Prodzinski went up for a layup, and something went wrong. He originally thought he had just hyperextended his left knee, but it quickly came to fruition that it was something much worse.
“It burned so bad,” he said. “It just did not feel right. It kept giving out on me. It … It really hurt.”
He had torn his ACL.
It was a gut punch. Not only did it mean missing the rest of the basketball season, but it also put his senior season of football in jeopardy, as well as push back his recruiting.
“That really reduced the stuff that he was able to do all summer long,” Winona football coach John Cassellius said. “So with that being as it was, he was a kid that wasn’t able go to camps and wasn’t able to do some of the other things because of that injury.
“So in turn, what that ends up doing for him, it kind of pushes his recruiting just a little bit later as far as, ‘OK, where are things at? How are things progressing?’ He wasn’t a late bloomer, but his recruiting just happened later because of his injuries.”
Prodzinski would be the first to tell you he wasn’t too worried about his recruiting. He knew his capabilities when healthy and knew schools would be after him, but he still didn’t want to miss any of his senior season. He worked his butt off, doing everything he could to not miss a snap of his senior year. He was cleared the first day of August practice, but he still wasn’t in the shape he needed to be in.
“He put in a lot of time in the weight room in the, but as soon as our season kind of hit, it was like ‘OK, in order to get you back on the field, you’re going to have to put in a lot of extra time getting yourself in shape,’” Cassellius recalled. “And he did that. He was in the pool rehabbing, doing all the stuff that he could.”
He missed a couple of games as a precaution, but once he got back to his old self, Prodzinski’s game took off.
“As the season progressed, he got stronger and got back into shape,” Cassellius said. “It just took him a bit longer to get there just because of the injury. Once he was back, he definitely showed people how good he was and why he was recruited and all that kind of stuff.”
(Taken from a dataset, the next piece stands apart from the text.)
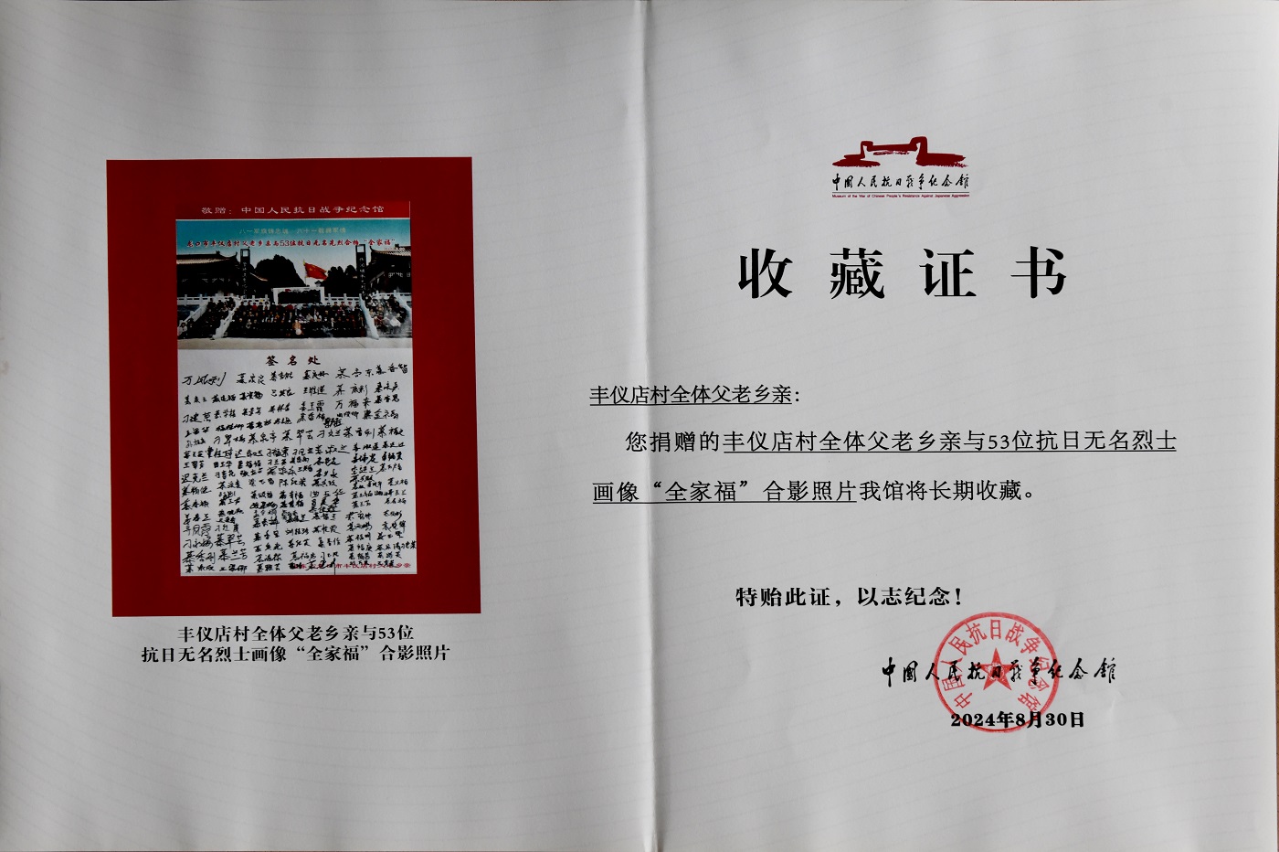 8月30日,山東省煙臺市委黨史研究院聯合龍口市委黨史研究中心、龍口市豐儀店村黨支部和濟南第一團“鋼八連”官兵代表,赴京向中國人民抗日戰爭紀念館捐贈了龍口市豐儀店村父老鄉親與53位抗日無名烈士畫像合拍的高1.85米、寬1.1米“全家!。中國人民抗日戰爭紀念館文物部主任趙迪立主持了捐贈儀式,煙臺市委黨史研究院院長李丕志講述了豐儀店村“全家福”照片背后的故事。中國人民抗日戰爭紀念館黨委書記、館長羅存康出席捐贈儀式,接收巨幅照片,向豐儀店村頒發了收藏證書,并作了講話。羅存康感慨地說:“‘全家!@個作品非常特殊,入選了中國人民抗日戰爭紀念館,我們和豐儀店村的村民一起,在中國人民抗日戰爭紀念館這個特殊的地方,進行一個捐贈,我覺得非常珍貴。你想想一個村里紅色傳承的故事,能到中國人民抗日戰爭紀念館里來展覽,是很不容易的。我還有一個愿望就是中國抗日戰爭紀念館可以到那里舉行巡展,把我們的抗戰內容拿到豐儀店村展覽。另外,我們還要把豐儀店村紅色傳承的故事拿到北京來展覽,我們共同傳承一個精神——抗戰精神!贝舜尉栀浕顒右鹆藦娏曳错,中央電視臺、山東電視臺、煙臺電視臺以及鳳凰新聞、大眾日報、煙臺日報、齊魯晚報、齊魯壹點、大眾網、膠東在線、大眾新聞等眾多主流媒體紛紛轉發報道。豐儀店村這張“全家!闭掌壓伪豢箲痧^收藏?一場捐贈活動為何能夠引起強烈反響?這張照片背后到底有著怎樣的感人故事呢?

Iowa State offered a scholarship midway through the season with South Dakota making a hard push as well, but Prodzinski knew that wasn’t the right fit for him.
“I always felt like my place was D-II,” he said.
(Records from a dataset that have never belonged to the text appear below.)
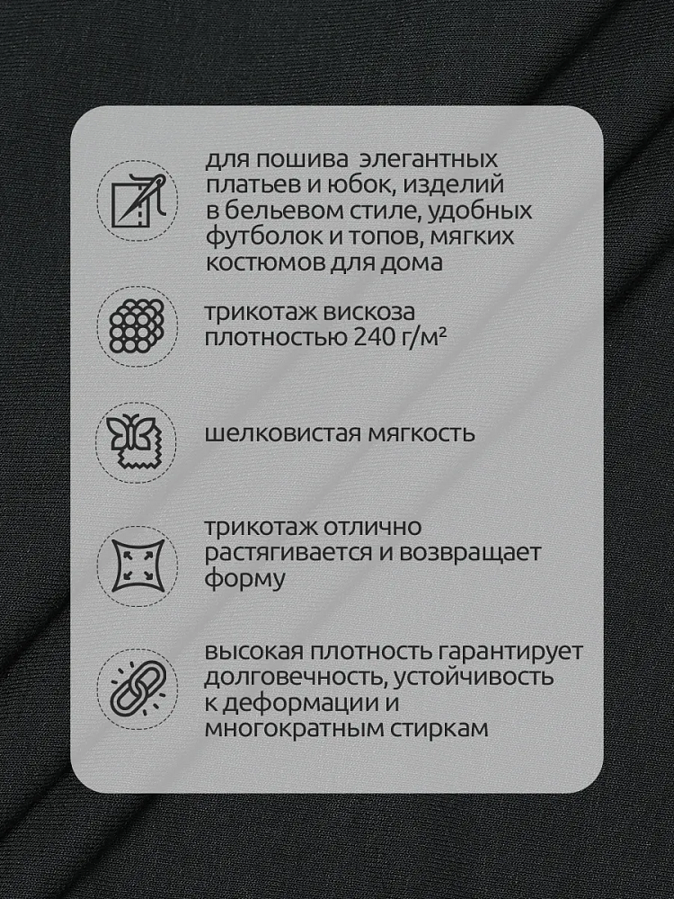 Трикотаж вискоза плотностью 240 г/м² — это идеальный выбор для создания одежды, которая сочетает комфорт и элегантность. Материал обладает мягкой, приятной на ощупь текстурой и хорошей эластичностью, что делает его универсальным для пошива платьев, футболок, юбок, домашней одежды и других изделий. Особенности и преимущества: Шелковистая мягкость. Вискоза дарит ткани нежный блеск и гладкость, делая вещи невероятно приятными к телу. Эластичность. Трикотаж отлично растягивается и возвращает форму, обеспечивая удобство при носке. Прочность. Высокая плотность гарантирует долговечность, устойчивость к деформации и многократным стиркам. Дышащие свойства. Ткань пропускает воздух, создавая комфортный микроклимат, что особенно важно в жаркую погоду. Легкость в уходе. Материал не требует сложных процедур стирки и глажки. Трикотаж вискоза идеально подходит для пошива: элегантных платьев и юбок нижнего белья удобных футболок и топов мягких костюмов для дома спорти
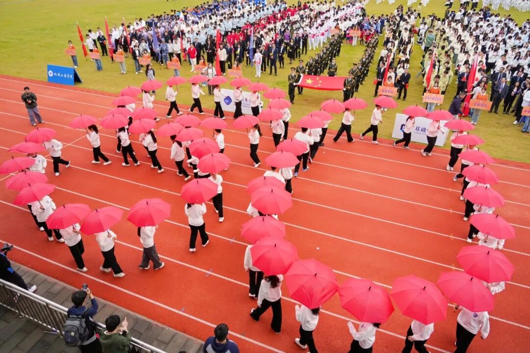 学校国旗仪仗队高擎五星红旗,庄严入场。伴随着激昂的运动员进行曲,各代表队方阵紧随其后。永利集团304am官方入口附属小学、附属中学、附属储能中学的学生们率先亮相,各个学院运动队以各具特色的方式依次入场,展现出广大学子的青春活力。
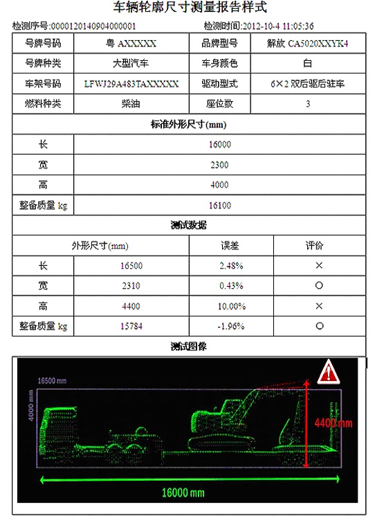 依據(jù)國家標(biāo)準(zhǔn)GB 1589-2004《道路車輛外廓尺寸、軸荷及質(zhì)量限值》、GB 7258-2012《機(jī)動(dòng)車運(yùn)行安全技術(shù)條件》、GB 21861-2014《機(jī)動(dòng)車安全技術(shù)檢驗(yàn)項(xiàng)目和方法》,為了從源頭上把好關(guān),各個(gè)公安車輛管理所、機(jī)動(dòng)車檢測站必須對超限的新注冊車輛和在用機(jī)動(dòng)車輛的外廓尺寸進(jìn)行強(qiáng)制檢測;高速公路部門在治理超載超限行政執(zhí)法中,也需要對超限的各種車輛外廓尺寸進(jìn)行檢測。目前,對車輛外廓尺寸的檢測基本上仍延用過去人工測量方式,測量效率低,成本高,測量的準(zhǔn)確性不高,對于車輛改裝重災(zāi)區(qū)的大型貨車、掛車等車輛測量更加困難。檢測過程中也不可避免會(huì)產(chǎn)生一些違規(guī)違法的行為,影響了車輛檢測的公正性和客觀性。由于人工測量的不確定性以及費(fèi)時(shí)費(fèi)力不安全,迫切需要一種測量儀器對機(jī)動(dòng)車外廓尺寸進(jìn)行自動(dòng)測量,以減少測量工作強(qiáng)度及人為因素的干擾。

Prodzinski had a slew of D-II offers to pick from, as Sioux Falls, Northern State, MSU-Mankato and Southwest Minnesota State all presented offers a year after Winona State did the same. In the end, the chance to play for a powerhouse like MSU-Mankato — which played in the NCAA Division II championship game last season — was what sold him. After receiving the offer in late January, Prodzinski committed a week later.
“I knew Mankato was the place, because the coaches were great,” Prodzinski said. “And I loved the school. The campus was a nice walking distance, it wasn’t large like Minnesota. Such a great program — which I just love, because I really wanted to be on a winning team.”
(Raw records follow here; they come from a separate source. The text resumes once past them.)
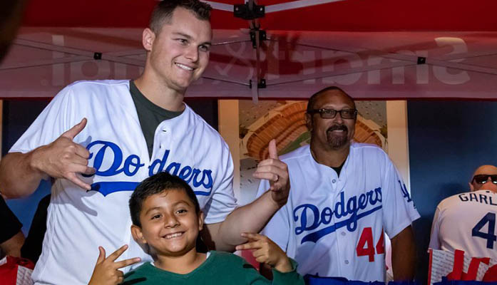 Los Angeles Dodgers outfielder Joc Pederson and former Dodgers center fielder Ken Landreaux pose with a young fan after handing out Thanksgiving turkeys and fixings. (Photo by Erica Morris/Cronkite News)
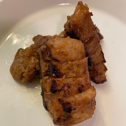 黒豚の特長は「やわらかい」「旨味が多くジューシー」「脂の融点が低くもたれない」肉の質にこだわった鹿児島県産黒豚を堪能してください。今回は相性の良い味噌ダレに漬け込んだスペアリブをその場で鉄板で焼き上げます。
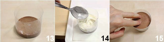 Now that everything is ready, assemble your ice cream sandwiches: take a round cookie and wrap a sheet of acetate or alternatively make a double turn of parchment paper around it 14. Fill the mold created with two tablespoons of ice cream (about 2.8 oz) and let it firm up in the freezer for half an hour 15. Once it is well set, place another cookie on top and remove the wrap around 15. The ice cream sandwich is ready: serve them immediately or store them in the freezer on a sheet of parchment paper.
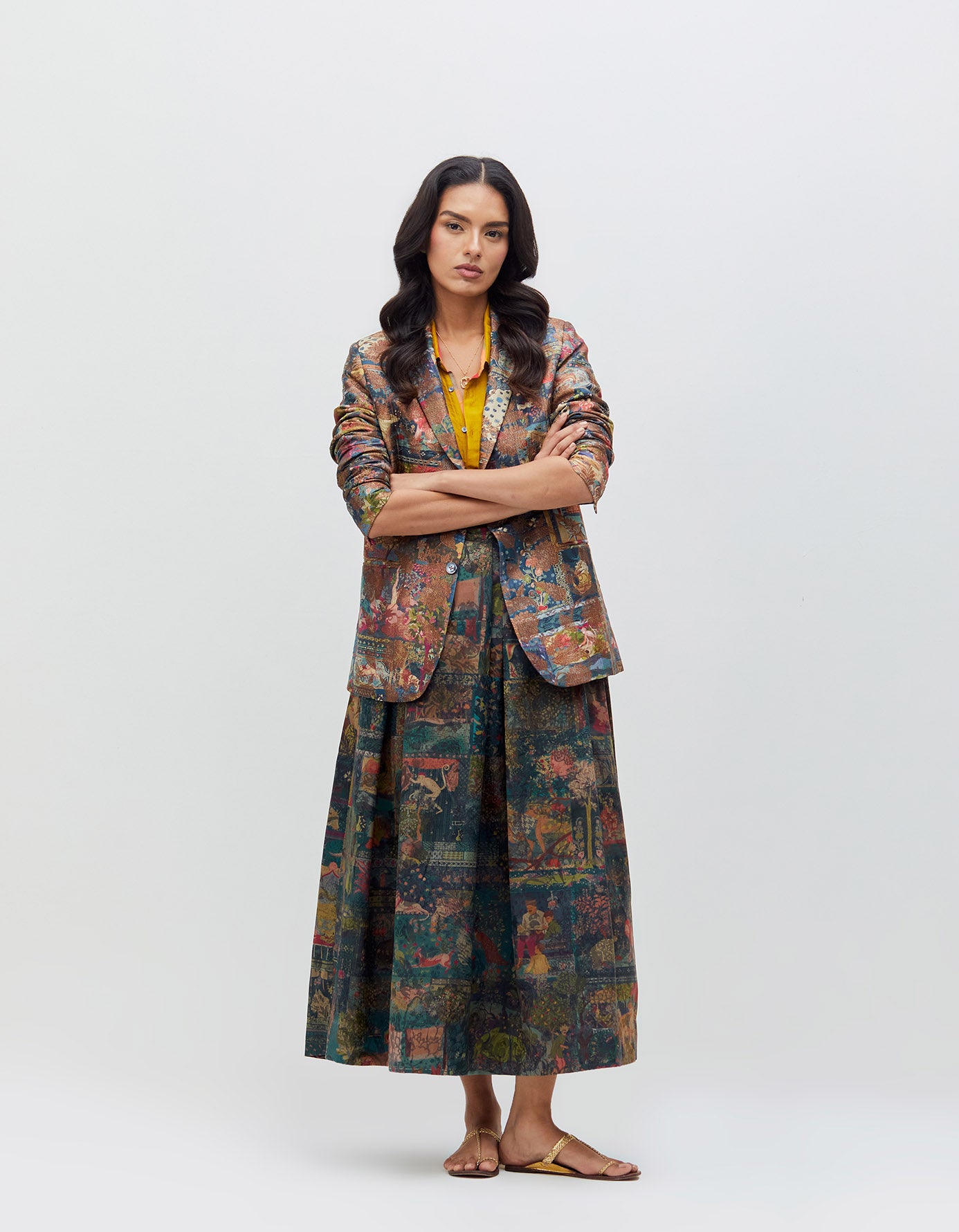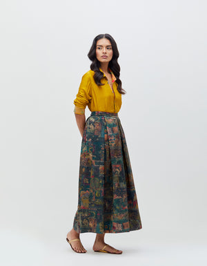 Panchatantra Audrey Skirt Teal Silk Damask
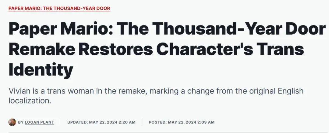 5月23日,NGC平臺名作《紙片馬力歐RPG》(千年之門)迎來了重製版發售的日子,除了遊戲本身,圍繞着這款作品的討論還涉及一項社會命題:角色“薇薇安”的性別到底是男還是女?

Of course, Prodzinski was on plenty of winning teams during his four years that resulted in four straight state trips, a 42-5 record and with seven of their 15-member senior class playing college football after graduation. Although, it didn’t end like any of them wanted to, Prodzinski knows what they accomplished together was special.
“We put our hearts into our program,” Prodzinski said. “It was just a great thing for all of us. It just proves that we worked really hard and good things will happen.
“It’s just cool, because we all set out to play college football and accomplished that.”